- Dołączył: 2010-12-28
- Miasto: Warszawa
- Liczba postów: 2057
16 stycznia 2011, 18:55
Mam problem. Mam chłopaka od ponad miesiąca. Jest między nami odległość około 50 km. Jest nam ze sobą dobrze. Nie mamy zadnych problemów prócz jednego - moi rodzice. A szczególnie mój ojczym. On Go w ogóle nie akceptuje. Ostatnio chciał sie z nim pożegnać poszedł do rodziców i usłyszał od ojczyma; 'a Ty jeszcze tu? ze mną sie nie musisz zegnać. Pozegnaj sie z kim trzeba [chodziło o mnie] i jedz juz ' Mój chłopak starał sie z nim złapać kontakt ale nie wyszło. Jest Djem.. może stad te złe zdanie co do niego, w końcu dziewczyny itd.. Ojczym twierdzi ze on mnie zostawi i bede cierpieć przez to. Jak do tej pory cierpie przez niego. Za te ubliżanie i odzywki.
Mimo że Mój nic nie mówi co mogłoby go zdenerwować.

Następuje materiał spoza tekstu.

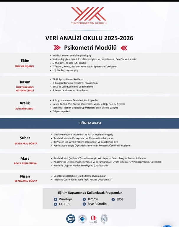 Eğitim Fakültesi öğretim üyelerinden Doç. Dr. Beyza AKSU DÜNYA, Yükseköğretim Kurulu (YÖK) himayesinde hayata geçirilen “Veri Analiz Okulu”nda eğitmen olarak yer alacak. Veri Analiz Okulu; Marmara Üniversitesi Nüfus ve Sosyal Araştırmalar Enstitüsü koordinasyonunda ODTÜ, İTÜ ve Boğaziçi Üniversitesinin katkılarıyla düzenlenecek. Okulun psikometri modülünde görev alacak Doç. Dr. Beyza AKSU DÜNYA, “Klasik ve modern test teorisi ve Rasch modellerine giriş”, “Rasch modelinin varsayımları ve matematiksel altyapısı”, “IRT/Rasch için yaygın yazılım programları ve paketlerine giriş”, “Rasch modelleriyle ölçek geliştirme ve psikometrik özelliklerini inceleme”, “Rasch modeli çıktılarını yorumlamak için Winsteps ve Facets Programlarının kullanımı”, “Psikometrik özelliklerin incelenmesi ve yorumlanması: Uyum indeksleri, yerel bağımsızlık, güvenirlik”, “Rasch ile değişen madde fonksiyonu analizi”, “Çok boyutlu Rasch ve test eşitleme uygulamaları” ve “IRTShiny üzerinden madde tepki kuramı uygulamaları” konu başlıklarında eğitimler verecek.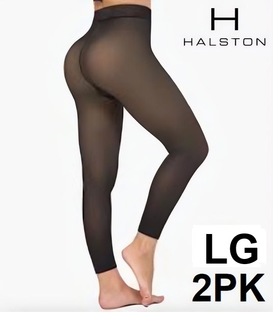 2PK WOMEN'S HALSTON SHEER ILLUSION TIGHTS, FOOTED - DOUBLE LAYER WITH FLEECE LINING - Large - Black (MODEL: 1925490)

Męczy mnie to. Ja z mojego chłopaka nie zrezygnuje. Jestem taka szczęśliwa z nim, mimo tego ze jesteśmy ze sobą tak krótko. Ufam mu i wiem ze mnie nie skrzywdzi. Po prostu nie wiem co mam zrobić.. tak mi z tym źle.. musiałam sie komuś wygadać.. :(
- Dołączył: 2010-11-24
- Miasto: Dolina Słoni
- Liczba postów: 14535
16 stycznia 2011, 19:57
Powiedź ojczymowi że jest Tobie przykro że tak ocenia drugiego człowieka nie znając jego.
A chłopak będzie miał trudny orzech do zgryzienia - niech się stara,pełna kulturka i niech da się poznać :)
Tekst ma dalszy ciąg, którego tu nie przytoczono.